TRPC4 in complex with inhibitor GFB-9289

As in the GFB-8438 inhibitor-bound structure, we found an extra density inside the VSL domain region of GFB-9289-bound TRPC4 (Figure 2E, Figure 2—figure supplement 2A and B). In addition to the surrounding chemical environment, the high resolution of the map enabled us to unambiguously build the ligand (Figure 2E).
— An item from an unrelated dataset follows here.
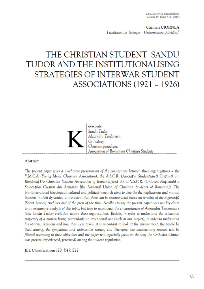 The present paper gives a diachronic presentation of the connections between three organizations – the Y.M.C.A (Young Men's Christian Association), the A.S.C.R. (Asociația Studențească Creștină din România[The Christian Student Association of Romania])and the U.N.S.C.R. (Uniunea Națională a Studenților Creștini din România [the National Union of Christian Students of Romania]). The pluridimensional (theological, cultural and political) research aims to describe the implications and mutual interests in their dynamics, to the extent that these can be reconstructed based on scrutiny of the Siguranţă [Secret Service] Archives and of the press of the time. Needless to say the present paper does not lay claim to an exhaustive analysis of this topic, but tries to reconstruct the circumstances of Alexandru Teodorescu’s (aka Sandu Tudor) evolution within these organisations. Besides, in order to understand the existential trajectory of a human being, particularly an exceptional one (such as our subject), in order to understand his options, decisions and how they were taken, it is important to look at the environment, the people he lived among, the sympathies and animosities shown, etc. Therefore, the documentary sources will be filtered according to these objectives and the paper will especially focus on the way the Orthodox Church was present (experienced, perceived) among the student population.

Similar to GFB-8438, the chemical structure of GFB-9289 consists of three six-membered rings: a pyridazinone ring and a cyclohexyl group at opposing ends are connected by a central 1,4-disubstituted piperazinone ring (Figure 2E). The key difference between the molecules is the terminal ring, which is a tri-fluoromethyl benzyl group in the case of GFB-8438 and a cyclohexyl ring in GFB-9289. Given the common chemical scaffold structure with the difference limited to one part of the molecule, it is not surprising that they bind to the same region. This suggests that the VSL domain is a highly sensitive regulatory domain that responds to subtle stimuli in its small ligand-binding pocket in order to govern the function of this large tetrameric macromolecular complex.

Most interactions of GFB-9289 with the S1-S4 helices are the same as they are for GFB-8438 with small residue movements to accommodate the slightly different structure of GFB-9289 (Figure 3A–C). In the case of GFB-9289, Y373 forms hydrophobic interactions with the cyclohexyl and piperazinone rings. A reconfiguration of the binding interactions to the pyridazinone ring now includes hydrogen bonds to S488 side chain via its oxygen atom, unlike the halogen bond with Y373 observed in the inhibitor complex described above. The reduced size of the cyclohexyl group results in the reorientation of interacting residues. Importantly, Y646 of the TRP helix and H369 of the S2 helix do not interact with the compound and are rotating away from the interface (Figure 3B C). This reduced stabilization of GFB-9289 is the likely cause for the weaker binding in comparison to the GFB-8438 (Figure 1).

Figure 3 with 1 supplement see all
Comparison of the ligand-binding pocket in TRPC4.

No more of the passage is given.